Go back in time one week. The online horror community was buzzing with support to get out to the theater and see the historic UNRATED release of Adam Green’s Hatchet 2. Fans blogged and vlogged and tweeted how this would be our chance to rise up and show the movie business that there was demand for unrated horror. 2001 Maniacs: Field of Screams director Tim Sullivan sent out a letter to several news outlets pleading with fans to spend their money on Hatchet 2 and to resist the temptations of internet piracy. AMC, a sizable movie chain, was being universally praised for their guts in taking such a risk by offering such a wide release to Hatchet 2. It was a dream come true for hardcore horror fans.
By Sunday night the dream seemed to be crumbling. By Monday morning, it had all but died. AMC pulled Hatchet 2 from theaters, citing performance as their motivation. Speculation, accusations, and bitterness flew around the horror community, with people pointing fingers at the theaters, the MPAA, the distributor, even the fans for not getting off of their butts and supporting the unrated horror movement. Adam Green, much to his credit, took the admirable stance that it was a crappy situation but playing the blame game wasn’t going to help anybody. He was just glad to have seen his movie in theaters, as he had intended. Whatever your thoughts on the Hatchet 2 debacle might be, there is no denying that last weekend was an historic event for horror cinema. The kind of thing that comes along once every few DECADES! Now, for better or for worse, that time has passed….
…or has it?
The unrated remake of I Spit on Your Grave opens today. Also being shown in AMC theaters, although on about sixty fewer screens than Hatchet 2, I Spit on Your Grave offers horror fandom a rare second chance to make a lasting impression on the movie industry. Eight screens nationwide are taking a chance by showing this brutal, horrific story of assault, rape, and revenge, and they are doing it without the gracious blessing of the MPAA. Lightning is striking twice, giving the hardcore horror fan ANOTHER opportunity to go see a film from our beloved genre in the form the director originally intended. AMC is also being given a second chance to stick to their guns and continue supporting an unrated film despite external pressures.

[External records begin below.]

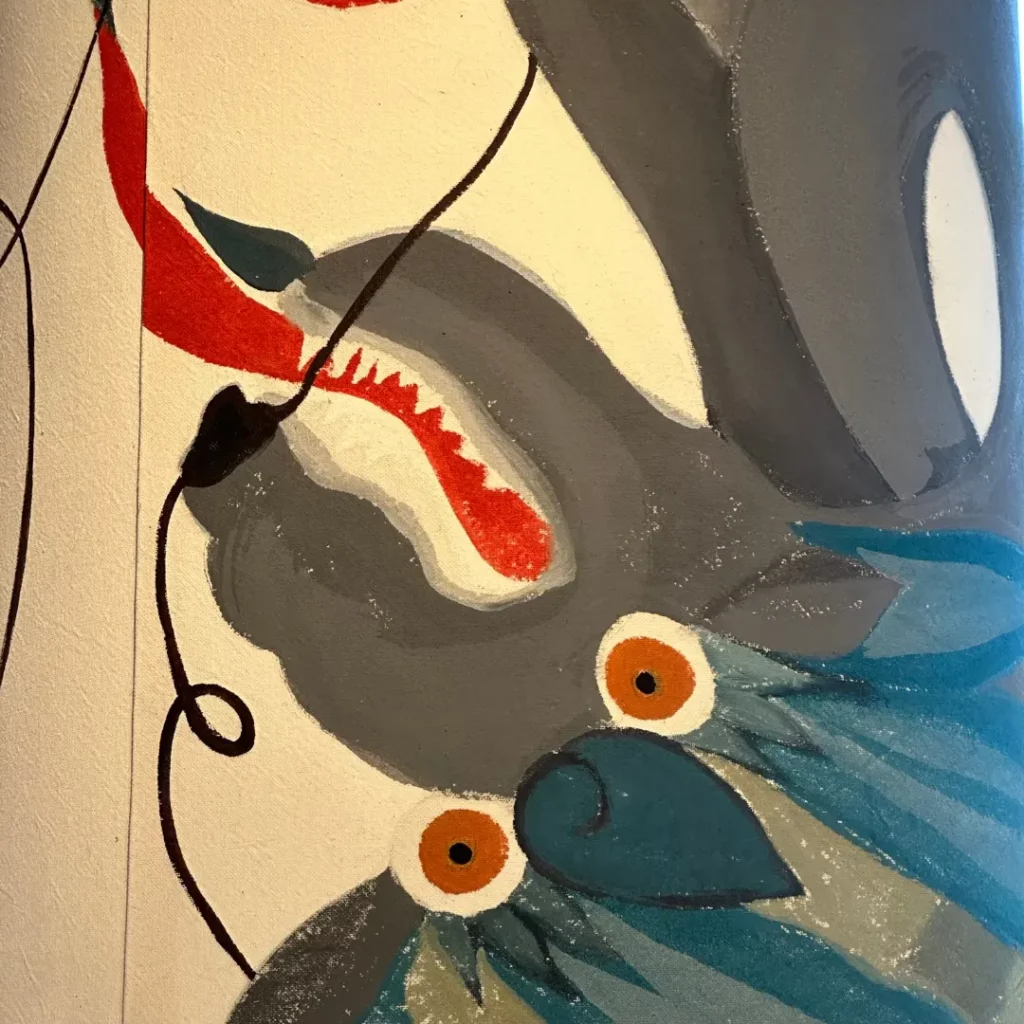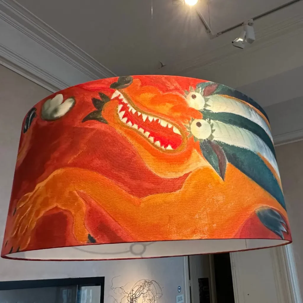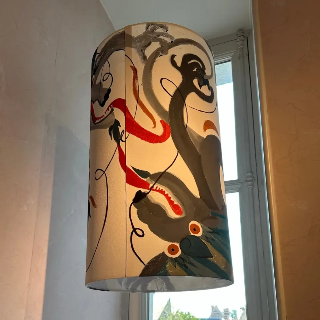 J’ai conçu et réalisé deux carcasses d’abat-jours XXL, façonnées avec exigence puis tendues de toile brute, supports choisis pour leur qualité et leur présence. Sur ces pièces, Fany a déployé son univers singulier en peignant des dragons fantasmagoriques issus de son imaginaire.
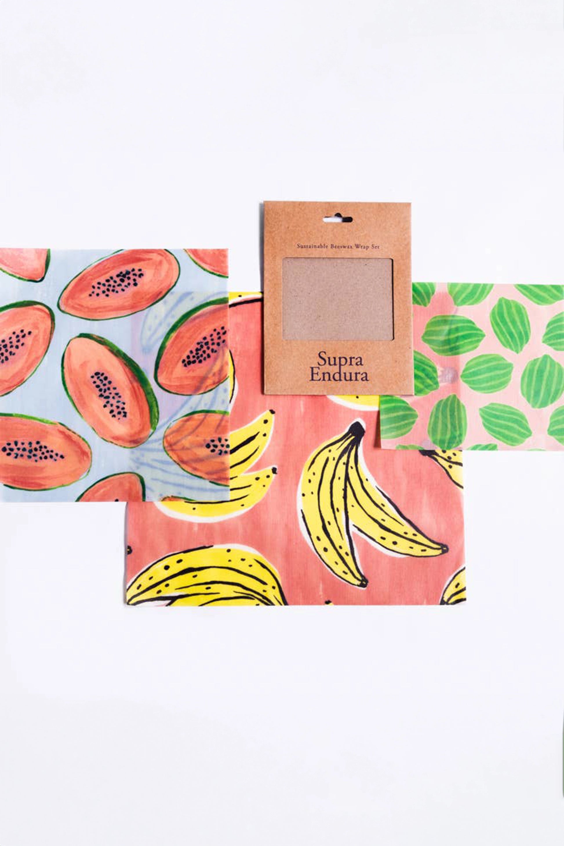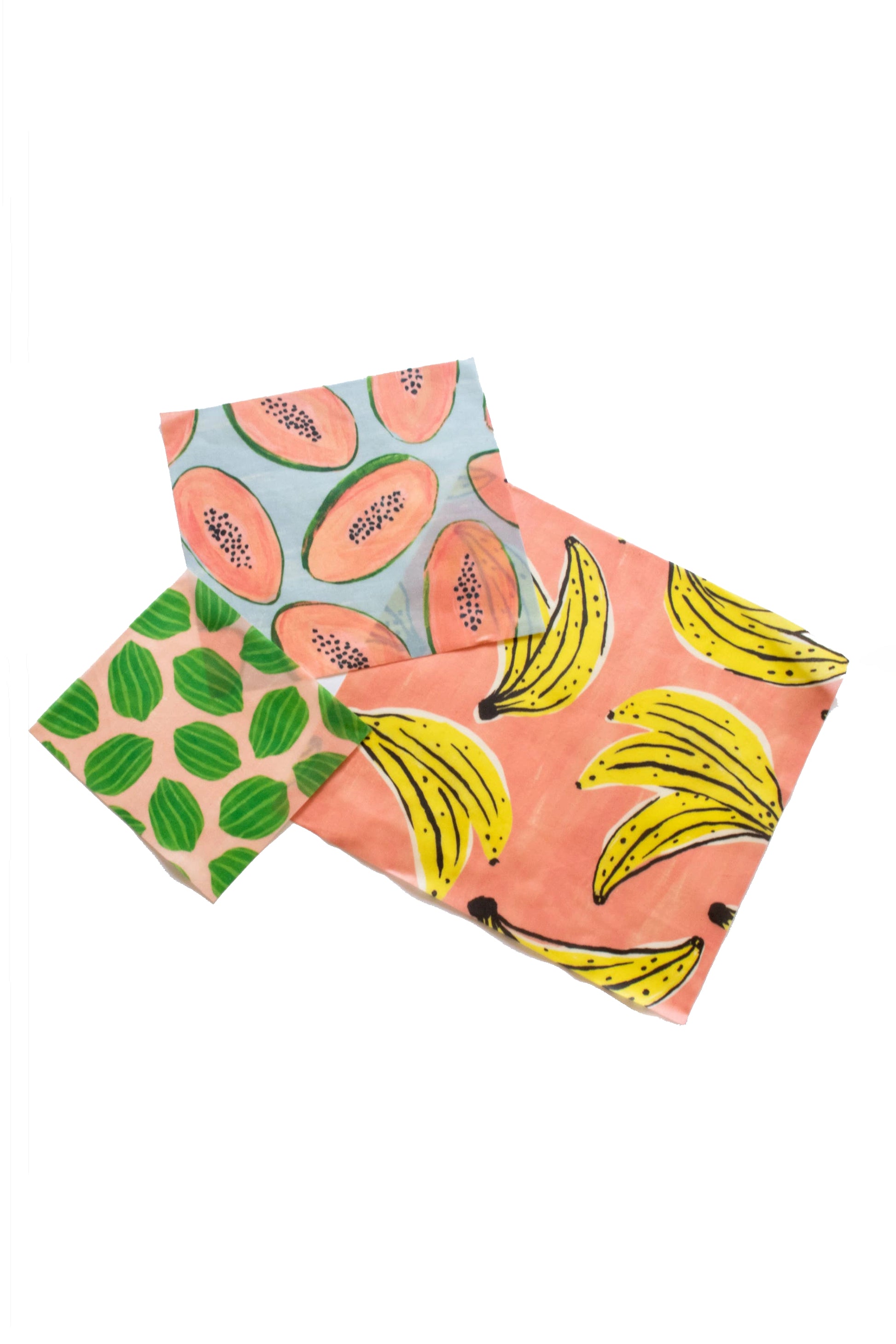 3-Pack Beeswax Wrap, Banana Papaya Watermelon Tropical Fruit Print
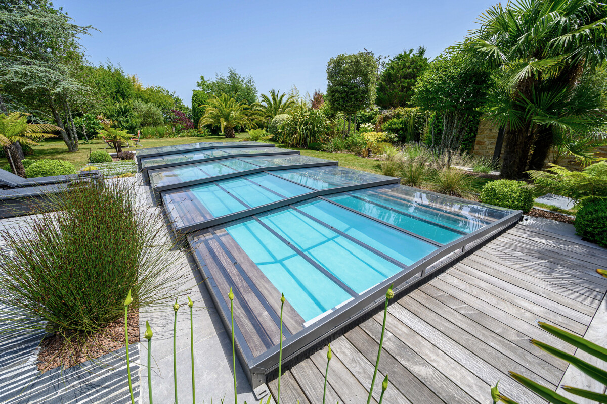 Ces abris de piscines allient les avantages d’un abri bas dont la caractéristique essentielle est de se faire discret et le confort dignes d’abris plus grands ou plus hauts.
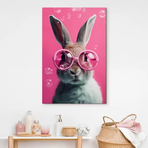 Maalid Jänes roosa prillidega roosa taustal Nr s41280

So this is a rallying cry for the horror community. We have a second chance to make the statement we could have, SHOULD have made with Hatchet 2. We can pack the eight theaters in the country with the balls to support I Spit On Your Grave with wall to wall horror fans and make the industry see that unrated horror has a valid place among the cinemas of America. As an independent horror filmmaker, the idea that I might be able to enjoy the same freedom with my future work is incredibly exciting. As a horror fan, having the choice to see the films I want, the way I want to see them: in the theater. I don’t want to have to wait a year for an unrated DVD release of a film that has forty five seconds of blood spatter, or five seconds of sexual thrusting) which was forcibly removed by the censorship of the MPAA and a theater industry that is unwilling to risk showing unrated or NC-17 films. I was at the Hatchet 2 screening in Chicago last Sunday afternoon, and I LOVED IT! It was so good to be able to simply sit back with my wife and enjoy a good splattergore film without feeling the censoring blade of the MPAA gouging at the screen. Instead of leaving the theater thinking “That was pretty cool. Can’t wait for the DVD so I can actually see it!” I left fulfilled.
And isn’t fulfilling the audience’s expectations of entertainment the job of both filmmakers and theater owners?
So if you share the same dream of seeing more unrated films in theaters that Adam Green, Tim Sullivan, hundreds of filmmakers, thousands of fans, and I share, then I beg you: please go see I Spit on Your Grave this weekend.